I'm still getting something similer under My Account--->Subscriptions. Only, it's not showing the catogory at all. Everything is just moved over one.


----------



## Michael Morris (Feb 24, 2005)

K, I'll fix that (that's gonna be due to the same sort of error).


----------



## fanboy2000 (Feb 24, 2005)

Great. I appreciate it.


----------



## reveal (Feb 25, 2005)

Here's something that's happening to me. I am using Firefox.

I went into the D&D Rules forum and search for the term "devoted defender". It brought up a list of results. I then did another search in the same forum for "devoted defender ac". All I got was a white screen. It still happens today.
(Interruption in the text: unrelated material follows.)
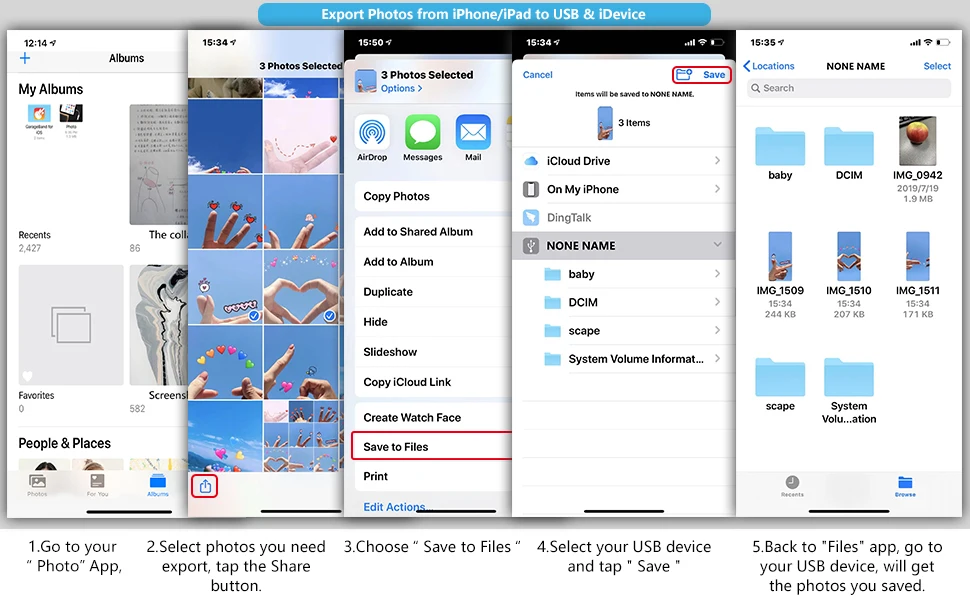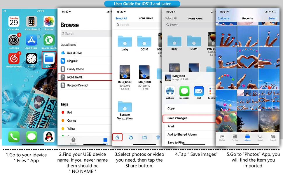 1. Под iOS 9,2-12 поддерживается только Передача фотографий и видео. Поддержка стандартных форматов фотографий, таких как JPEG и RAW и т. д. файлы изображений должны быть сохранены в именованной папке DCIM. Цифровая камера может автоматически создавать папку DCIM. Но если USB флэш-диск. Необходимо создать папку DCIM и скопировать ее вручную.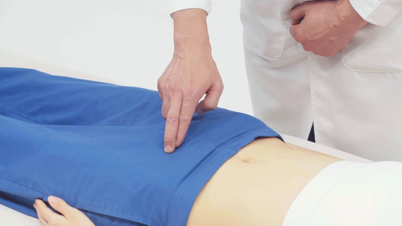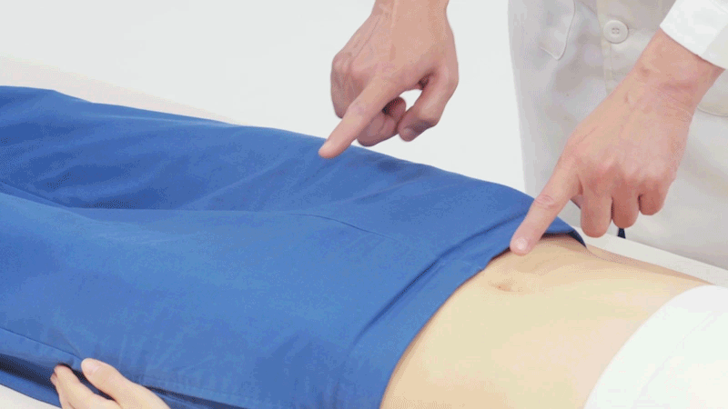 取穴的时候,患者取仰卧位,肚脐与耻骨联合的距离是5寸,我们把它五等分,在4寸的位置旁开2寸,这样我们就找到了归来穴,左右两边各有一个。

Is there a limit to the number of search terms you can use?


----------



## Michael Morris (Feb 25, 2005)

Hmm.. y'know, I'm starting to think the post index is corrupt.  Rebuilding it is a 10 hr process though


----------



## Crothian (Feb 25, 2005)

I've done a few searches in Firfox and haven't ran into this problem


----------



## the Jester (Feb 27, 2005)

I use Firefox, and I've gotten the white screen searching several times.

Michael, I just wanted to throw out a thank-you for all the hard work you've done on the site!  You rock, man!


----------



## Guillaume (Feb 27, 2005)

Just got back to this thread after a few days.  I want to thank you Michael for your great work.


----------